1983 novel by Philippe Sollers

Women (Femmes) is a 1983 novel by French novelist Philippe Sollers. First published in English translation in 1990, Women marked Sollers's move to a more accessible form of fiction writing after a series of difficult experimental texts. The novel was a best-seller in France and attracted attention as a roman à clef that contained recognizable portraits of significant French intellectual figures, such as Louis Althusser, Roland Barthes, Jacques Lacan, and Sollers himself.

==Plot summary==
Will is an American journalist living in Paris. On leave from his duties writing about international politics at the Journal, he travels around the globe as he works on a novel in which he intends to expose the domination of the world by women. Through his friend Kate, Will has become aware of a secret international organization called the World Organization for Male Annihilation and a New Natality, or WOMANN, that intends to stage a secret takeover of world power. WOMANN's secret manifesto details a plan to take over the world by strictly controlling the reproductive process through the use of abortion, sperm banks, and artificial insemination; by expurgating, banning, or "contextualizing" the products of certain male geniuses; and also by declaring war on the patriarchal tyranny of religion through a campaign of "divide and rule." Will, who is a freethinker and notorious womanizer, is marked as an enemy by WOMANN. The novel follows Will's sexual escapades around the world with a number of women whose interest in the novel he is writing (the novel we are reading) leads him to suspect he is being surveilled by WOMANN. Will has enlisted a notorious French novelist, "S." (who bears significant similarities to Philippe Sollers), to publish the novel under S's name since Will is worried about the response of his family in the United States if he were to publish it under his own name. Will's monologue about his life and opinions includes extended digressions about such topics as politics, literature, sex, contemporary life, religion, and the Bible. Will's amorous exploits are occasionally interrupted by time spent at home with his wife, Deb, and his son Stephen. He is eventually injured in a terrorist attack that kills his lover Cyd, an English TV journalist.
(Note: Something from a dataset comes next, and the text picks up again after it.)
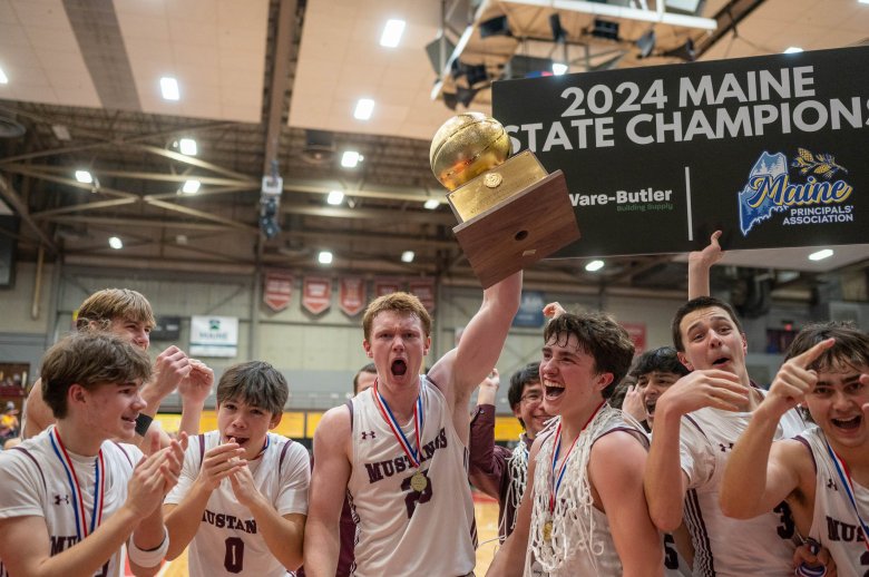 The Mustangs, though, were willing to work and refused to give in, and that’s how they earned Monmouth Academy’s first boys basketball state championship with a 52-50 victory over Mount View in the Class C title game Saturday at Augusta Civic Center.

The novel concludes with Will leaving Paris to start a new life with Deb and Stephen in New York City.

==Reception==

Readers and critics greeted Women enthusiastically when the book was first published in France in 1983. The novel was a best-seller in France and was celebrated by critics as "one of the best books in recent years." Roland Champagne, in his book-length survey of Sollers's career, attributed the book's popularity to the "sense of humor that [Sollers] exhibits with his narrating voice," and went on to say that the character of Will, the protagonist of Women, is emblematic of Sollers's tendency to model his protagonists on himself, a dynamic Champagne described as "the self as humorous other."

Elaine Kendall, writing in the Los Angeles Times, called Women "ferociously misogynistic" and wrote that the novel "splinters into frank pornography." Kendall went on to say that "Women may be the first pointillist post-feminist novel," and contended that "Women stridently demands to be taken seriously as a nihilistic satire on philosophy, religion, the arts, social science, America, France, and whatever else swims into view."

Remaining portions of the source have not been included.